Without urgent action from governments and agencies like the United Nations, the pollution problem will only get worse. According to Landrigan, the number of deaths from air pollution will double by 2050.
Compared to higher-income countries in North America and the EU, low- and middle-income countries have seen relatively higher death rates from pollution. The reasons behind the rising death rates from pollution in low- and middle-income countries are complex, but mainly have to do with increased industrialization in these countries – including greater reliance on fossil fuels – and a lack of strict pollution monitoring, as well as insufficient international funding. to prevent pollution.
Pollution is also often seen as an environmental problem rather than a health problem. It lacks the significant funding and political attention given to other public health issues, although the most recent Lancet report finds pollution a “major risk factor” for non-infectious diseases, similar to smoking, substance abuse and unhealthy diets.
“We’re trying to draw attention to this fact and say that this is really a public health issue, and it’s getting worse,” Kupka added.
Lead poisoning can also cause serious cognitive damage in children. Children with lead concentrations above five micrograms per deciliter of blood often score three to five points lower on IQ tests than children with lower blood values. More than 800 million children have blood lead concentrations that exceed these levels, according to the report.
“For those kids, he’s basically a health emergency for them,” Kupka says.
Lead poisoning affects not only individuals, but society as a whole. The report’s authors state that lead-related IQ problems contribute to global economic losses of nearly $1 trillion.
“We cannot continue to ignore pollution. We are going backwards,” the report warns gravely.

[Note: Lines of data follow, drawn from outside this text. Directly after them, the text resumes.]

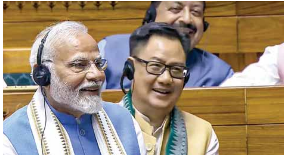
Prime Minister Narendra Modi reacts as he replies to the Motion of Thanks on the President's Address in the Lok Sabha during the ongoing Parliament session, in New Delhi, on Tuesday

"Images of our Gods cannot be used for personal political interests. They coined phrases like 'Hindu terrorism', their ally likened this religion to dengue; country will never forgive them," Modi said taking a swipe on Rahul's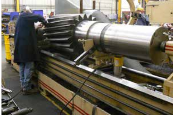
Machine repair of Pinion Gear shaft

Founded in 1993, Alaska Roteq Corporation started out as a small OEM repair facility and has since grown into one of the largest machine repair shops in the state of Alaska, providing industrial distribution and repair services to companies in the oil and gas, power generation, water and waste water, mining, construction and other industries.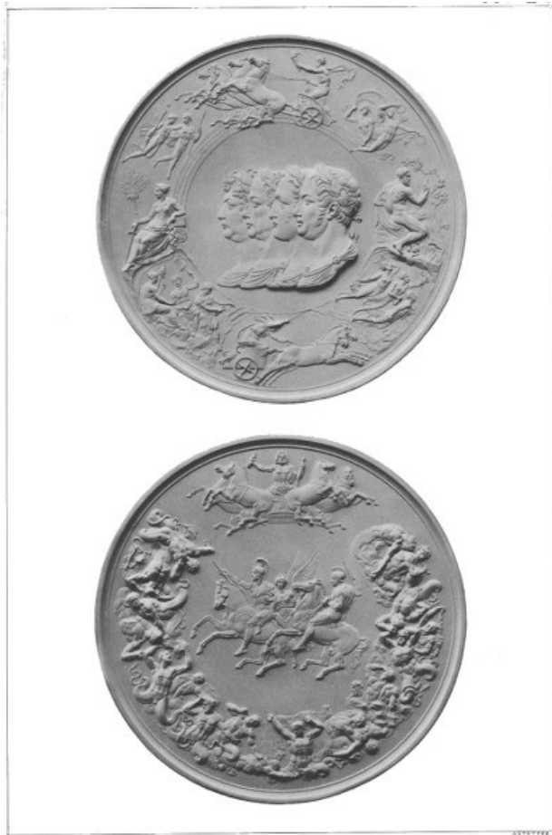
THE WATERLOO MEDAL N° 552. ( \frac{5}{8} of the actual size.)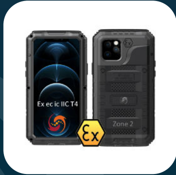
ATEX iPhone 12 For use in Zone 2

The ATEX iPhone 12 comes with a durable black case finish and is available for the iPhone 12 with 64GB, 128GB or 256GB. Besides being safe to use as an EX smartphone, the versions are excellent for intrinsically safe video or photo camera use with Bluetooth and/or Wi-Fi connection.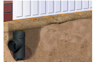
If using sump unit as outlet cut off outlet spigot, position sump in concrete bed and fit PVC-U Ø110mm pipework connection to drainage. Corner and sump unit must be fitted in order to allow subsequent access for maintenance and cleaning.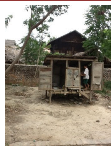
...as are the toilets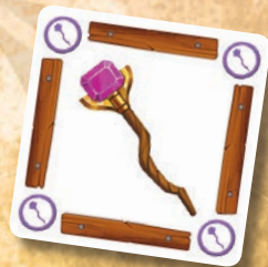
Wizard's Staff card example

The Staff is a wild symbol. It counts as any Weapon or Spell.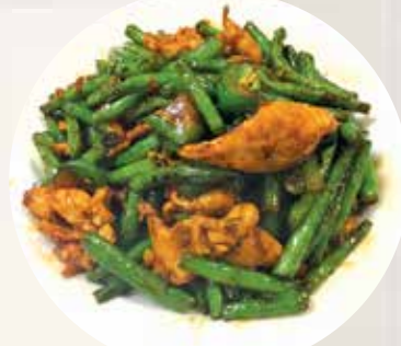
Mala Green Bean w. Chicken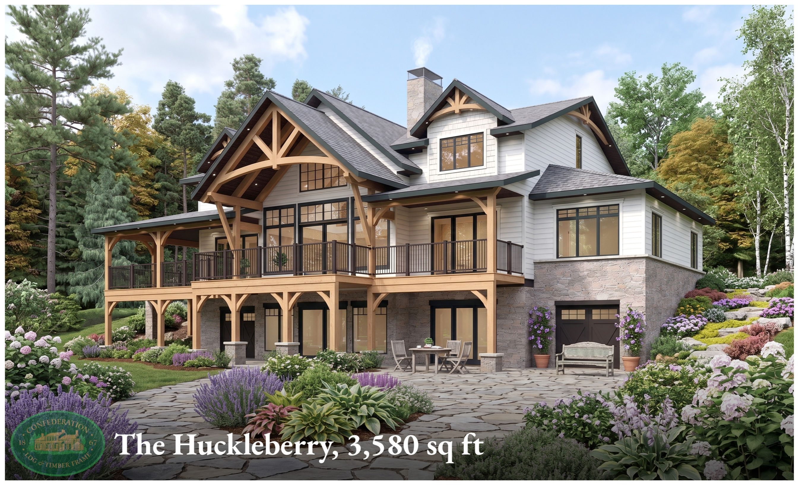
The Huckleberry, 3,580 sq ft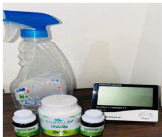
Figure 4: Materials required during experiment Fixed with muslin clothes

Culture and rearing of Aphids: After this much age of bean plants, A. craccivora were collected from already infested bean plants from a local farm. Infested part of the bean plant sheltering with A. craccivora colonies were brought and newly hatched aphids were transferred for rearing by a fine paint brush to the fresh bean twigs of a single bean plant which were maintained in seed infused plastic polythene bag and covered with plastic folders whose tops were covered with muslin cloth and fixed with cello tape to prevent insect escape till experimental requirements at ( 27\pm 2 °c & 34\pm 5 % R. H).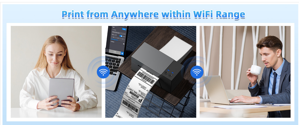
Image: Multiple devices (smartphone, laptop, tablet) wirelessly connected to the Omezify printer via Wi-Fi.

The Omezify 247WF printer supports stable 5GHz Wi-Fi for wireless printing from multiple devices.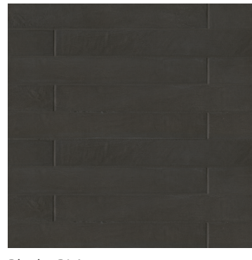
Black - BLA DECALLBLA324M 3"x24" Non-Rectified Field Tile - Matte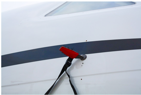
Falcon Jet 2000 Pitot Covers, Aoa's, Tat Cover Set, Heat Resistant Type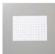
Rhinstone Basic Jewels - 144220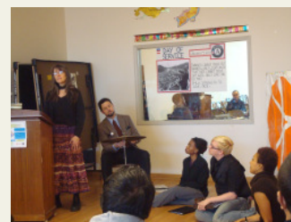
Still Point Theatre Collective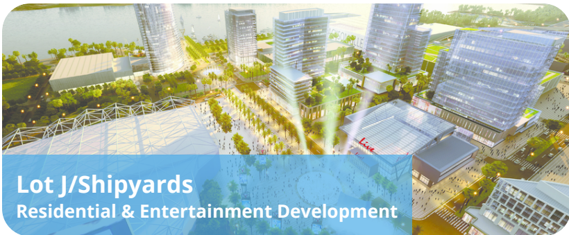
Lot J/Shipyards Residential & Entertainment Development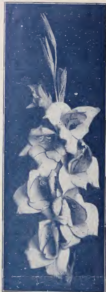
Large-Flowering Primulinus Hybrid Gladiolus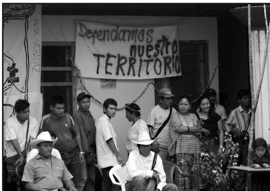
Community referendum on mining in Ixcán, April 2007.

In mid-2000, PBI began receiving a number of requests for international accompaniment. As a result, an investigation was carried out in the field which revealed a deterioration and in some cases a closing of the space for human rights defenders. In April of 2002 PBI decided to reopen the Guatemala Project to carry out international accompaniment and observation in coordination with other international accompaniment NGOs. The new PBI office was opened in April 2003.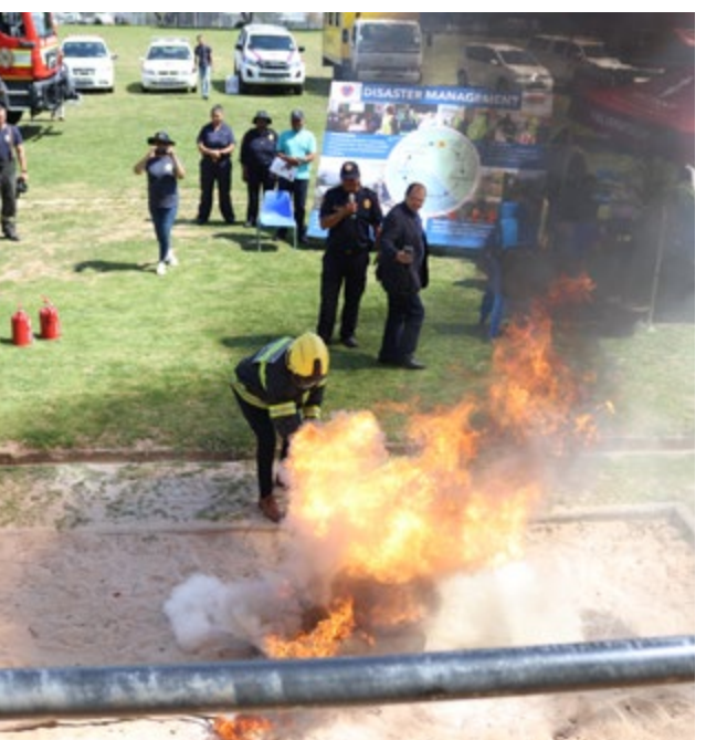
Learning how a fire extinguisher works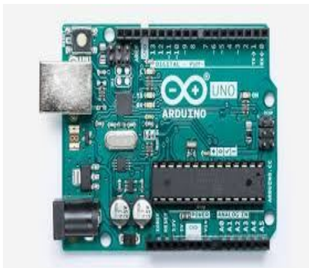
Fig.2.1.2Arduino Uno R3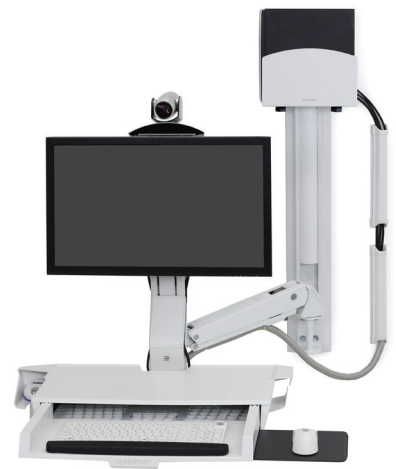
StyleView Sit-Stand Combo System with Worksurface 45-594-216

Download additional resources at ergotron.com .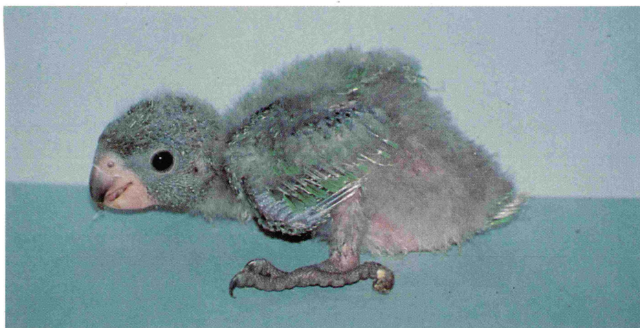
A brown-headed chick at 47 days of age.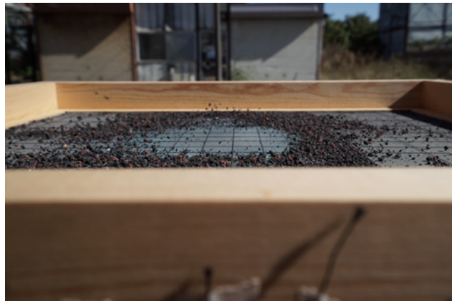
Production scene : The Sun and Mt. Fuji and Steve Reich , 2016

What’s next – Despite the bleak prognosis, there is to be ways to reduce the striking death toll from pollution, experts say. First, we need to focus much more attention and funding on the issue of pollution, and quickly. There are few global agreements to specifically address pollution efforts, further hampering efforts to curb pollution.
“The greatest need is for policymakers in countries and in UN agencies to make pollution prevention a high priority and put serious funding into fighting pollution,” says Landrigan.
In addition to more funding, Kupka says governments in low- and middle-income countries should be able to prioritize pollution “within their own development agendas.” One way to achieve this is by bringing leaders from different ministries together to discuss and tackle pollution – a model developed by the Global Alliance on Health and Pollution, known as the Health and Pollution Action Plan.
But it will be difficult to eradicate deaths from pollution if we don’t focus on the main source: fossil fuels. The report’s authors are clear: we need to expend the same urgency on tackling pollution as we do the climate crisis, recognizing that pollution — primarily from the burning of fossil fuels — also contributes to global warming.
“Continuing pollution control – and prevention of the diseases it causes – will require a massive, government-backed transition from gas, oil and coal to clean renewable energy,” Landrigan concluded.